The output should contain the listing word for word and no pictures.

#### Dataset excerpts ####

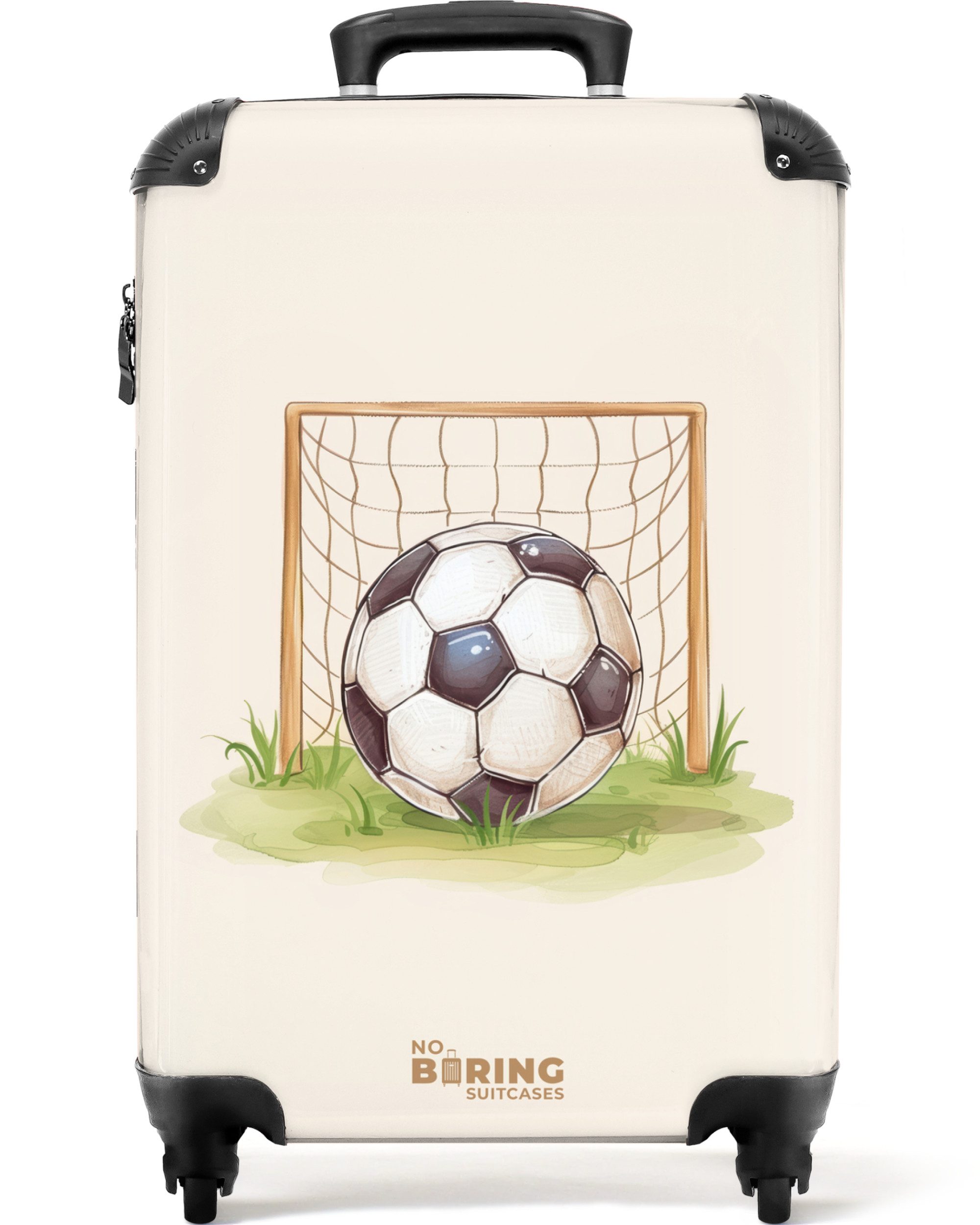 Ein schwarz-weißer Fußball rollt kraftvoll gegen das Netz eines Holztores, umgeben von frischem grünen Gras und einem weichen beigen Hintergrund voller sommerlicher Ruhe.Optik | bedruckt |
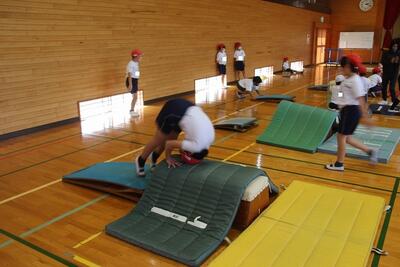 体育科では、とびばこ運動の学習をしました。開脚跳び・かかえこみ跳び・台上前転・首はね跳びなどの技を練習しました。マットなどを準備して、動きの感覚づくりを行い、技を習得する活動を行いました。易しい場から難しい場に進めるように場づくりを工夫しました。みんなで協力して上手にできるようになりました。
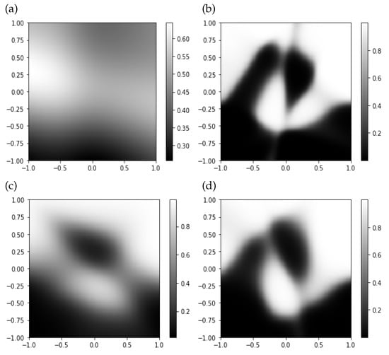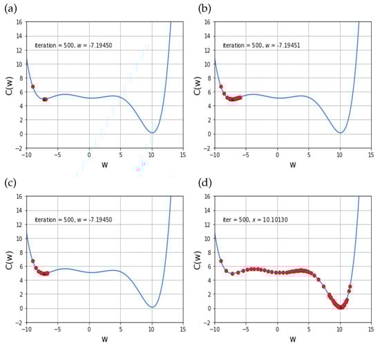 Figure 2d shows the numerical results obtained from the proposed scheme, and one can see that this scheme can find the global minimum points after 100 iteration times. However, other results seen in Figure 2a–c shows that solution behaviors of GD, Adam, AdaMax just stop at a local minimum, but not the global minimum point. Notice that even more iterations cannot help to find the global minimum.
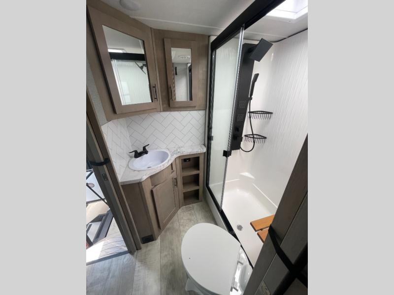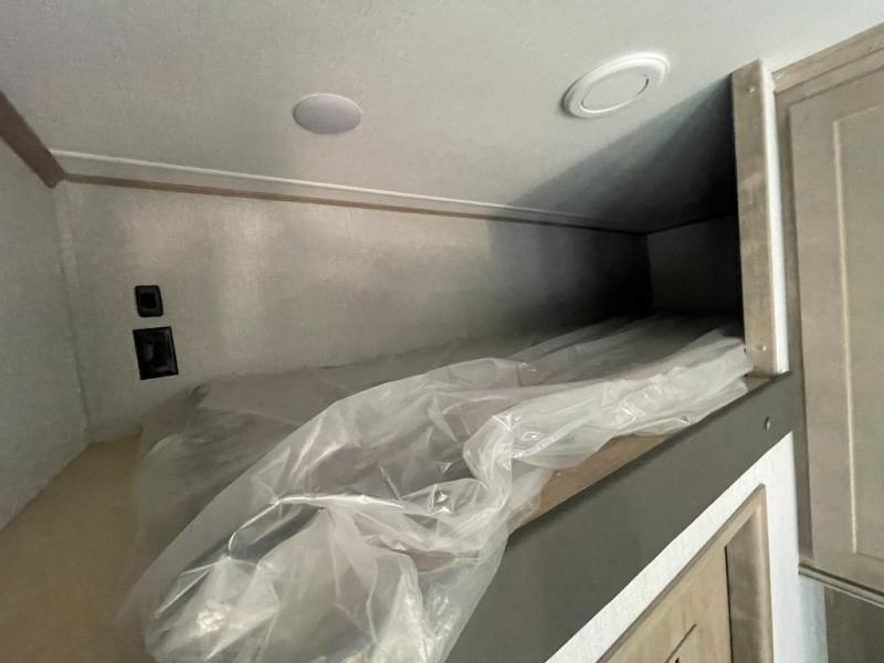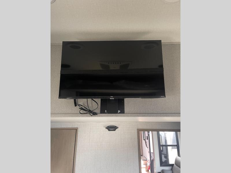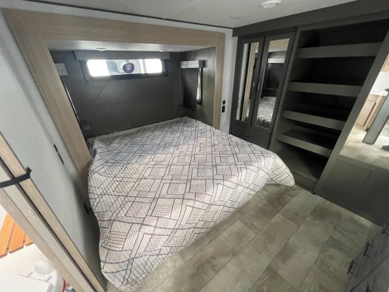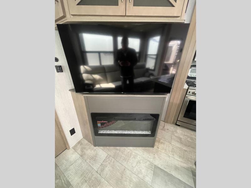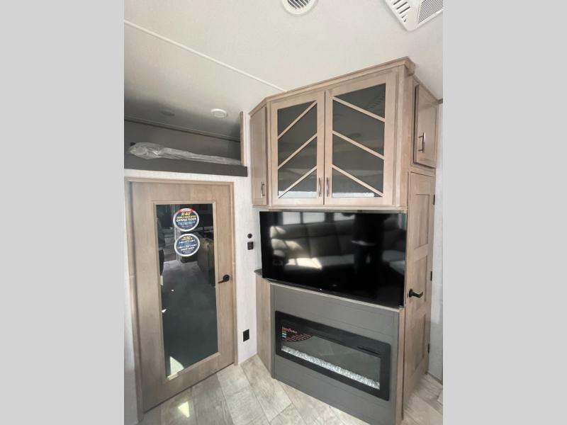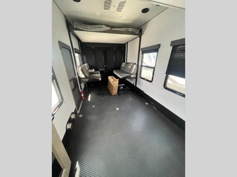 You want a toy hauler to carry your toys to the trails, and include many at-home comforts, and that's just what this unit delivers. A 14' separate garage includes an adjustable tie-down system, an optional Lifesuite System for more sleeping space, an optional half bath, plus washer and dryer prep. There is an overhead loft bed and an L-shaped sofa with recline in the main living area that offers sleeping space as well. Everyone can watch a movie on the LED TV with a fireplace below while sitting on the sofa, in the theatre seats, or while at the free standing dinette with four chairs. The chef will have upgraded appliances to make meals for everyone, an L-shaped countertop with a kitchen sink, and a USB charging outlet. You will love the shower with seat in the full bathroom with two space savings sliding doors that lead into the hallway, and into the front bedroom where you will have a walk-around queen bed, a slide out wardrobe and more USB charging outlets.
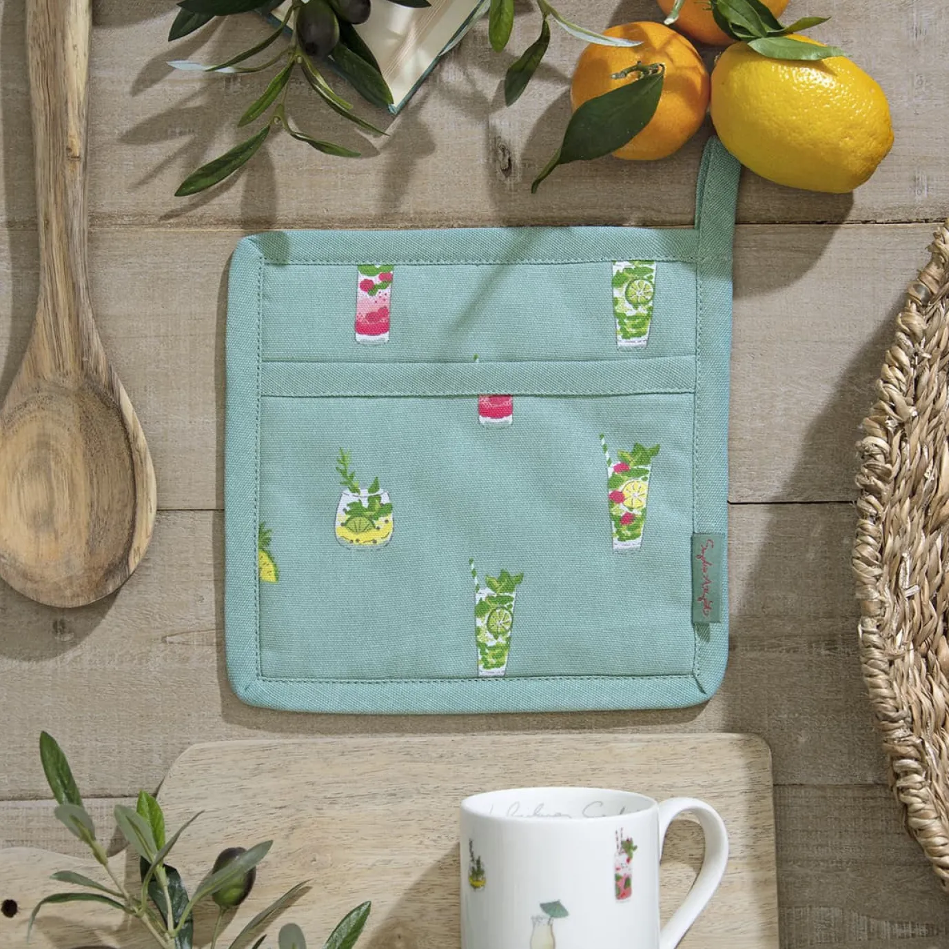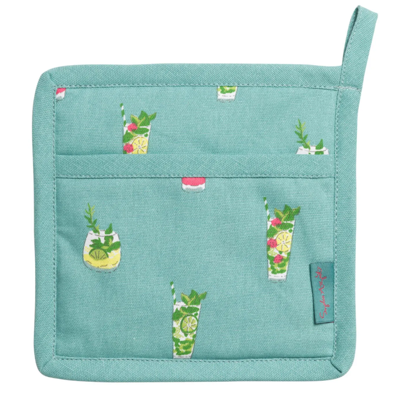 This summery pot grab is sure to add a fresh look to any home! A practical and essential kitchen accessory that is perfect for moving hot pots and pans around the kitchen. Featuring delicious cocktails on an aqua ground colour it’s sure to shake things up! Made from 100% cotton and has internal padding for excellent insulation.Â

####

Answer
 Ein schwarz-weißer Fußball rollt kraftvoll gegen das Netz eines Holztores, umgeben von frischem grünen Gras und einem weichen beigen Hintergrund voller sommerlicher Ruhe.Optik | bedruckt |
 体育科では、とびばこ運動の学習をしました。開脚跳び・かかえこみ跳び・台上前転・首はね跳びなどの技を練習しました。マットなどを準備して、動きの感覚づくりを行い、技を習得する活動を行いました。易しい場から難しい場に進めるように場づくりを工夫しました。みんなで協力して上手にできるようになりました。
 Figure 2d shows the numerical results obtained from the proposed scheme, and one can see that this scheme can find the global minimum points after 100 iteration times. However, other results seen in Figure 2a–c shows that solution behaviors of GD, Adam, AdaMax just stop at a local minimum, but not the global minimum point. Notice that even more iterations cannot help to find the global minimum.
 You want a toy hauler to carry your toys to the trails, and include many at-home comforts, and that's just what this unit delivers. A 14' separate garage includes an adjustable tie-down system, an optional Lifesuite System for more sleeping space, an optional half bath, plus washer and dryer prep. There is an overhead loft bed and an L-shaped sofa with recline in the main living area that offers sleeping space as well. Everyone can watch a movie on the LED TV with a fireplace below while sitting on the sofa, in the theatre seats, or while at the free standing dinette with four chairs. The chef will have upgraded appliances to make meals for everyone, an L-shaped countertop with a kitchen sink, and a USB charging outlet. You will love the shower with seat in the full bathroom with two space savings sliding doors that lead into the hallway, and into the front bedroom where you will have a walk-around queen bed, a slide out wardrobe and more USB charging outlets.
 This summery pot grab is sure to add a fresh look to any home! A practical and essential kitchen accessory that is perfect for moving hot pots and pans around the kitchen. Featuring delicious cocktails on an aqua ground colour it’s sure to shake things up! Made from 100% cotton and has internal padding for excellent insulation.Â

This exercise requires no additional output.